TASK ITEM -
Whatever appears in the records apart from pictures must be reproduced exactly.

(Entries taken from a collection)
• • •
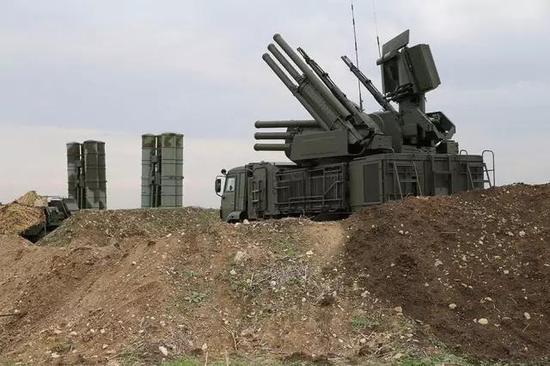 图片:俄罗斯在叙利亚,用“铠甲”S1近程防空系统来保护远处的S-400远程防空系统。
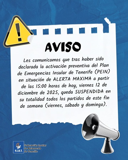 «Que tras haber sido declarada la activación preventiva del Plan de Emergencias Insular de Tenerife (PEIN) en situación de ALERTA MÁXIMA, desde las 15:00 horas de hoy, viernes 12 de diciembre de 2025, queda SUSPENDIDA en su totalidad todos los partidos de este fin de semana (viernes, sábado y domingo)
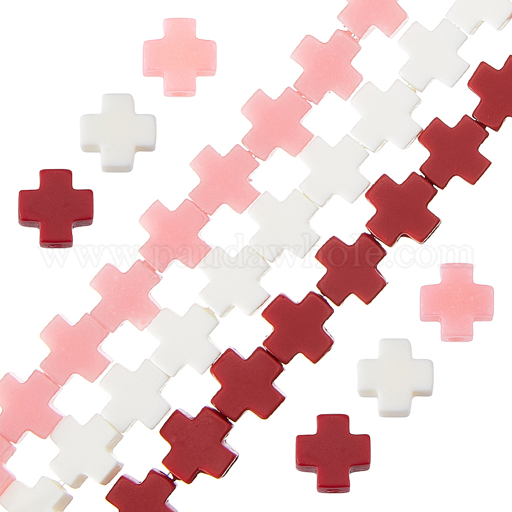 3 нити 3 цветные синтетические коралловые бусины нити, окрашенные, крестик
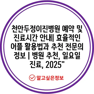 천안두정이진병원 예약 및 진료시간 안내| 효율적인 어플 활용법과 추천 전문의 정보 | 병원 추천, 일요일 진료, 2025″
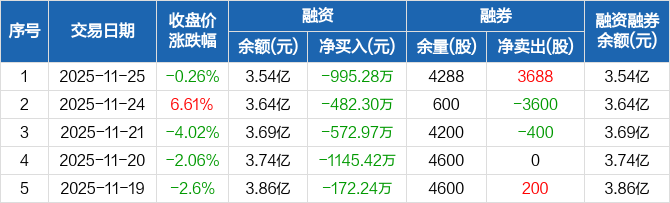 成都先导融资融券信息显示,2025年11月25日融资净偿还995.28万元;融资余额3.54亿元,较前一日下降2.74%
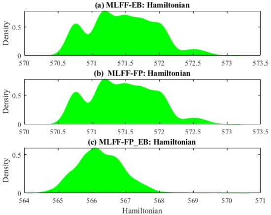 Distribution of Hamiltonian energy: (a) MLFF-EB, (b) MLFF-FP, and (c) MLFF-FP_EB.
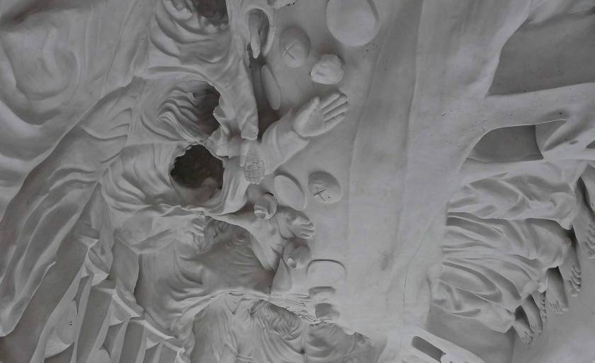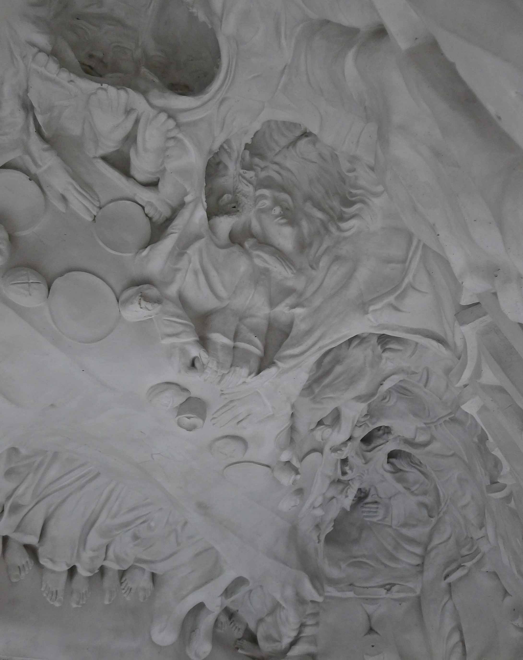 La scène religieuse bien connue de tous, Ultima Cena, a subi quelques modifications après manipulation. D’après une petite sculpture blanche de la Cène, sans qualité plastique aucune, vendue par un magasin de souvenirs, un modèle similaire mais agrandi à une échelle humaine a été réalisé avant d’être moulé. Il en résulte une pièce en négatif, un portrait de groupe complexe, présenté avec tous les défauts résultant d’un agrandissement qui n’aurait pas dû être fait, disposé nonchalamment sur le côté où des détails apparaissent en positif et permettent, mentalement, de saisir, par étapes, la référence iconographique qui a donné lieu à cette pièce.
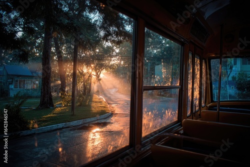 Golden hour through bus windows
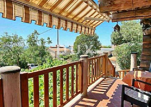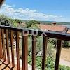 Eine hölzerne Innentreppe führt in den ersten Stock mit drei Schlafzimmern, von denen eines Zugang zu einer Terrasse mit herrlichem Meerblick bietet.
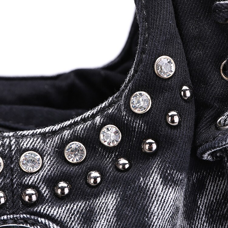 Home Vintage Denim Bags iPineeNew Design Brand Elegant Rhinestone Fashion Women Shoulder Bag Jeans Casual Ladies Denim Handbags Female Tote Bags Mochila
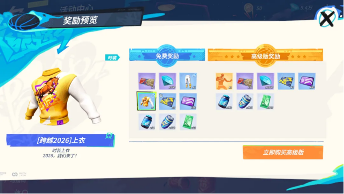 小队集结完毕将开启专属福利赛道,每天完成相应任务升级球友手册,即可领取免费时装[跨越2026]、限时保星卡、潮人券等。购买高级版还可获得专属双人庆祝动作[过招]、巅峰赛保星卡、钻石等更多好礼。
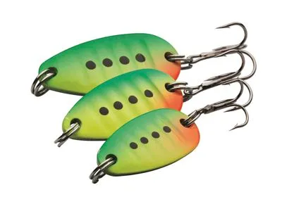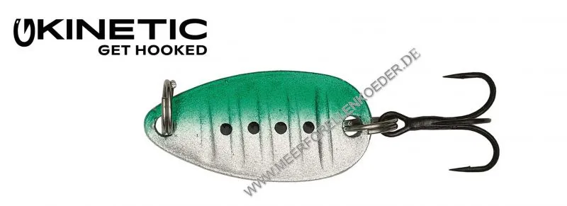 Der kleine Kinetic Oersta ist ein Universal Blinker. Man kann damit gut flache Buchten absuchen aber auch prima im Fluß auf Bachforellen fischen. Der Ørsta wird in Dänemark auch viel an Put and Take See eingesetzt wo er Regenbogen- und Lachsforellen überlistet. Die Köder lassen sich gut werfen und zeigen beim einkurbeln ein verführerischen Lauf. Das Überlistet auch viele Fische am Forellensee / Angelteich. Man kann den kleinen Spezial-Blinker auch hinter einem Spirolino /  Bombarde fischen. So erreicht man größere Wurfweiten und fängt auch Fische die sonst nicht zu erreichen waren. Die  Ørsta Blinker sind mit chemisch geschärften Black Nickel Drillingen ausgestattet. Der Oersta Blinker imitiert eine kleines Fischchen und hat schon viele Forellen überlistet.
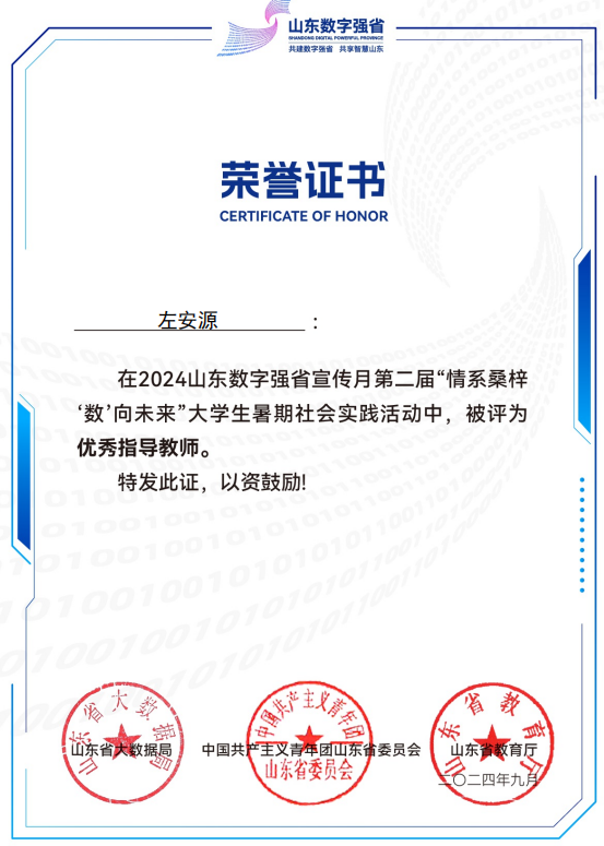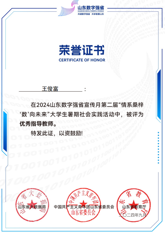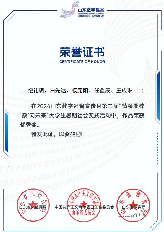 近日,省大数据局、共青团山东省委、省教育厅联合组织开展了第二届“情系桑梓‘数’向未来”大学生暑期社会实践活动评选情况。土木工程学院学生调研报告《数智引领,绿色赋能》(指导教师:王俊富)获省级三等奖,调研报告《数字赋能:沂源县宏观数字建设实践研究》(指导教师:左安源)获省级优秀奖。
• • •
OUTPUT OF THE TASK -
 图片:俄罗斯在叙利亚,用“铠甲”S1近程防空系统来保护远处的S-400远程防空系统。
 «Que tras haber sido declarada la activación preventiva del Plan de Emergencias Insular de Tenerife (PEIN) en situación de ALERTA MÁXIMA, desde las 15:00 horas de hoy, viernes 12 de diciembre de 2025, queda SUSPENDIDA en su totalidad todos los partidos de este fin de semana (viernes, sábado y domingo)
 3 нити 3 цветные синтетические коралловые бусины нити, окрашенные, крестик
 천안두정이진병원 예약 및 진료시간 안내| 효율적인 어플 활용법과 추천 전문의 정보 | 병원 추천, 일요일 진료, 2025″
 成都先导融资融券信息显示,2025年11月25日融资净偿还995.28万元;融资余额3.54亿元,较前一日下降2.74%
 Distribution of Hamiltonian energy: (a) MLFF-EB, (b) MLFF-FP, and (c) MLFF-FP_EB.
 La scène religieuse bien connue de tous, Ultima Cena, a subi quelques modifications après manipulation. D’après une petite sculpture blanche de la Cène, sans qualité plastique aucune, vendue par un magasin de souvenirs, un modèle similaire mais agrandi à une échelle humaine a été réalisé avant d’être moulé. Il en résulte une pièce en négatif, un portrait de groupe complexe, présenté avec tous les défauts résultant d’un agrandissement qui n’aurait pas dû être fait, disposé nonchalamment sur le côté où des détails apparaissent en positif et permettent, mentalement, de saisir, par étapes, la référence iconographique qui a donné lieu à cette pièce.
 Golden hour through bus windows
 Eine hölzerne Innentreppe führt in den ersten Stock mit drei Schlafzimmern, von denen eines Zugang zu einer Terrasse mit herrlichem Meerblick bietet.
 Home Vintage Denim Bags iPineeNew Design Brand Elegant Rhinestone Fashion Women Shoulder Bag Jeans Casual Ladies Denim Handbags Female Tote Bags Mochila
 小队集结完毕将开启专属福利赛道,每天完成相应任务升级球友手册,即可领取免费时装[跨越2026]、限时保星卡、潮人券等。购买高级版还可获得专属双人庆祝动作[过招]、巅峰赛保星卡、钻石等更多好礼。
 Der kleine Kinetic Oersta ist ein Universal Blinker. Man kann damit gut flache Buchten absuchen aber auch prima im Fluß auf Bachforellen fischen. Der Ørsta wird in Dänemark auch viel an Put and Take See eingesetzt wo er Regenbogen- und Lachsforellen überlistet. Die Köder lassen sich gut werfen und zeigen beim einkurbeln ein verführerischen Lauf. Das Überlistet auch viele Fische am Forellensee / Angelteich. Man kann den kleinen Spezial-Blinker auch hinter einem Spirolino /  Bombarde fischen. So erreicht man größere Wurfweiten und fängt auch Fische die sonst nicht zu erreichen waren. Die  Ørsta Blinker sind mit chemisch geschärften Black Nickel Drillingen ausgestattet. Der Oersta Blinker imitiert eine kleines Fischchen und hat schon viele Forellen überlistet.
 近日,省大数据局、共青团山东省委、省教育厅联合组织开展了第二届“情系桑梓‘数’向未来”大学生暑期社会实践活动评选情况。土木工程学院学生调研报告《数智引领,绿色赋能》(指导教师:王俊富)获省级三等奖,调研报告《数字赋能:沂源县宏观数字建设实践研究》(指导教师:左安源)获省级优秀奖。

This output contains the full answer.